The rationale of our main technical modifications includes (1) use of double-armed sutures for the outer row of U-sutures, (2) straightening the needles on these sutures before placing them through the pancreatic tissue, and (3) not tying the outer-row sutures on the anterior aspect of the pancreas before placing each double-armed suture needle through the seromuscular layer of the jejunum. As with all deformable bodies, the tendency of the pancreatic tissue to shear and deform during surgery is a complex phenomenon that depends on the mechanical properties of the tissue. The rigidity and compressivity are among the major determinants of pancreatic mechanics. These determinants depend on patient- and disease-related factors and do not change during the surgical procedure. Although the rigidity and compressivity are independent of the surgical process, they give an idea of the extent of tissue deformation caused by the stress from needle placement. Increasing the radius of the needle and straightening the angle at which the force is applied will decrease the force needed to pass the needle through the gland (Supplement [eAppendix]). In other words, straightening the needle will make placement of the suture much easier for the surgeon and less traumatic to the tissue (Figure 1B and C). The rationale of using double-armed sutures is based on the possibility of redistributing the shear stress created during knot tying from the pancreas to the bowel (Figure 3A).

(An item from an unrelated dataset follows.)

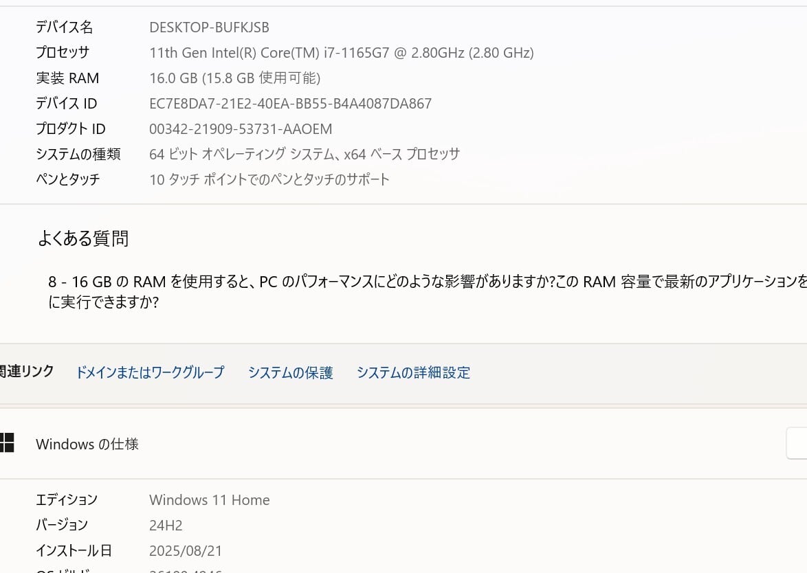 ■CPU:インテル core i7-1165G7 (@2.80GHz)

Placing each double-armed suture needle through the jejunum and tying the sutures on the anterior aspect of the bowel allows for redirection of the shear forces created in the pancreatic tissue to the bowel wall (Figure 3B). This technical step cannot be accomplished with a single-needle technique because the suture strands missing a needle cannot be placed through the bowel wall, which would prevent the surgeon from being able to redistribute the respective shear forces from the pancreas to the jejunum (Figure 3C). For the same reason, we do not tie outer-row sutures on the anterior aspect of the pancreas before placing each double-armed suture needle through the seromuscular layer of the jejunum. The rationale is that tying sutures on the anterior surface of the pancreas would change the direction of the shear forces from the bowel back to the pancreas (Figure 3D).

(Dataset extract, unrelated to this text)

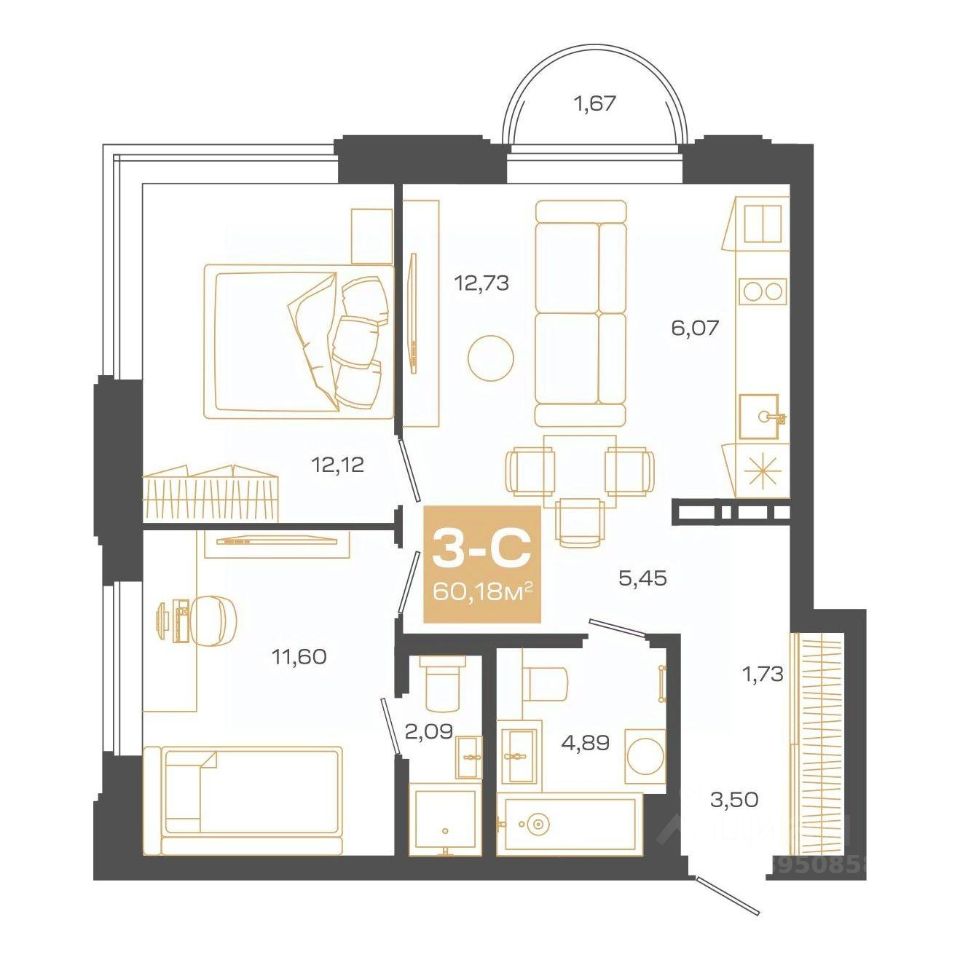 Продаётся 3-комнатная квартира в строящемся доме (Блок-секция 1), срок сдачи: II-кв. 2026, общей площадью 60.18 кв.м., на 17 этаже. Пульсар - это современный дом с развитой инфраструктурой по ул.Мусы Джалиля. Детские сады, школы, поликлиники и парки для прогулок в 5 минутной доступности.

During the respective study period, 203 hepatobiliopancreatic procedures were performed. Of these, 44 (21.7%) were pancreatoduodenectomies performed as classic, non–pylorus-preserving procedures using our modified Blumgart technique. Patients included 25 men (57%) and 19 women (43%) with a median age of 69 (range, 50-86) years. The mean length of postoperative hospital stay was 10 (range, 6-28) days. Pancreatic texture was soft in 28 cases (64%) and firm in 16 (36%). Median pancreatic duct size was 3 (range, 2-15) mm. Indications for surgery included pancreatic adenocarcinoma, ampullary cancer, distal common bile duct cancer, duodenal villous adenoma with dysplasia, duodenal cancer, mucinous cystic neoplasm, and intraductal pancreatic mucinous neoplasm.

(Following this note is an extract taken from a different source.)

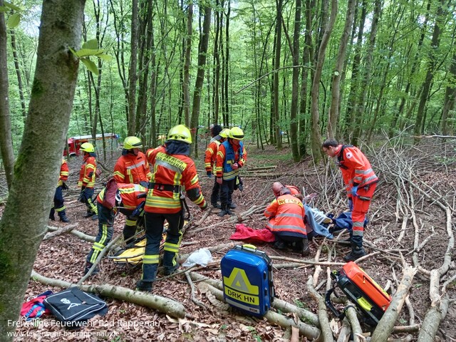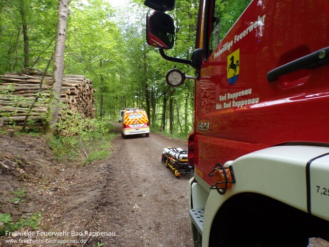 ![]() ![]() | Mit dem Alarmstichwort „Hilfeleistung Rettungsdienst“ wurde die Abteilung Bad Rappenau in ein Waldgebiet zwischen Zimmerhof und Siegelsbach alarmiert. Eine Wanderin war in unwegsamem Gelände gestürzt. Beim Eintreffen der Feuerwehr war die Patientin bereits durch den Rettungsdienst medizinisch erst versorgt worden. Aufgrund des schwer zugänglichen Geländes unterstützte die Feuerwehr die Rettungsmaßnahmen mit einer Schleifkorbtrage und ausreichend Einsatzkräften. Gemeinsam konnte die Patientin schonend aus dem Wald transportiert und dem Rettungsdienst zur weiteren Behandlung übergeben werden. Die Feuerwehr Bad Rappenau war mit rund 15 Einsatzkräften und drei Fahrzeugen im Einsatz. | |||||

Two cases of grade B fistula (leak) (5%) were associated with soft pancreatic gland texture and small pancreatic ducts. Both leaks resolved with conservative treatment and percutaneous drainage.


A noticeable decline in the postoperative mortality rate after partial pancreatic resection has occurred during the last several decades.20-22 Several factors have been recognized to contribute to this phenomenon, including a better understanding of the biology of pancreatic neoplasms, advances in the cross-sectional imaging, and improvements in operative technique and perioperative patient care.19,23-25 However, despite the sensible success in decreasing mortality, the rate of postoperative complications after partial pancreatic resection remains relatively high, even in high-volume surgical centers.26-28

Of all potential complications of partial pancreatic resection, PJF has received the most attention. Multiple studies27,29-31 have been published, and many factors contributing to PJF have been recognized. The gland texture, the duct size, and the blood supply to the pancreatic remnant are among the most reported potential risk factors for PJF. Since the original description of pancreaticoduodenectomy in 1935 by Whipple et al,32 multiple techniques with numerous variations, primarily technical, have been developed.2,9-13,33,34 However, a particular technical challenge that surgeons commonly face when performing pancreaticojejunostomy is the creation of shear and compressive forces that cause cutting through and deformation of the fragile pancreatic parenchyma during suture placement and knot tying.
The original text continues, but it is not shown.